A Portrait of the Artist as a Young Man eBook

This eBook from the Gutenberg Project consists of approximately 312 pages of information about A Portrait of the Artist as a Young Man.

A Portrait of the Artist as a Young Man eBook

This eBook from the Gutenberg Project consists of approximately 312 pages of information about A Portrait of the Artist as a Young Man.

He held open the heavy hall door and gave his hand as if already to a companion in the spiritual life.  Stephen passed out on to the wide platform above the steps and was conscious of the caress of mild evening air.  Towards Findlater’s church a quartet of young men were striding along with linked arms, swaying their heads and stepping to the agile melody of their leader’s concertina.  The music passed in an instant, as the first bars of sudden music always did, over the fantastic fabrics of his mind, dissolving them painlessly and noiselessly as a sudden wave dissolves the sand-built turrets of children.  Smiling at the trivial air he raised his eyes to the priest’s face and, seeing in it a mirthless reflection of the sunken day, detached his hand slowly which had acquiesced faintly in the companionship.

As he descended the steps the impression which effaced his troubled self-communion was that of a mirthless mask reflecting a sunken day from the threshold of the college.  The shadow, then, of the life of the college passed gravely over his consciousness.  It was a grave and ordered and passionless life that awaited him, a life without material cares.  He wondered how he would pass the first night in the novitiate and with what dismay he would wake the first morning in the dormitory.  The troubling odour of the long corridors of Clongowes came back to him and he heard the discreet murmur of the burning gasflames.  At once from every part of his being unrest began to irradiate.  A feverish quickening of his pulses followed, and a din of meaningless words drove his reasoned thoughts hither and thither confusedly.  His lungs dilated and sank as if he were inhaling a warm moist unsustaining air and he smelt again the moist warm air which hung in the bath in Clongowes above the sluggish turf-coloured water.
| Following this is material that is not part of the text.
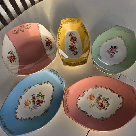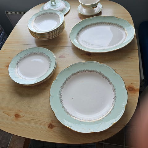 IKEA servise og skåler i blandet porselen og glass. Bildene viser flere små porselensskåler/tallerkener samt ulike glassboller i forskjellige farger. Egnet til servering av dessert, snacks eller til hverdagsbruk på kjøkken og spisebord. Antall deler og eksakte mål fremgår av bildene.

Some instinct, waking at these memories, stronger than education or piety, quickened within him at every near approach to that life, an instinct subtle and hostile, and armed him against acquiescence.  The chill and order of the life repelled him.  He saw himself rising in the cold of the morning and filing down with the others to early mass and trying vainly to struggle with his prayers against the fainting sickness of his stomach.  He saw himself sitting at dinner with the community of a college.  What, then, had become of that deep-rooted shyness of his which had made him loth to eat or drink under a strange roof?  What had come of the pride of his spirit which had always made him conceive himself as a being apart in every order?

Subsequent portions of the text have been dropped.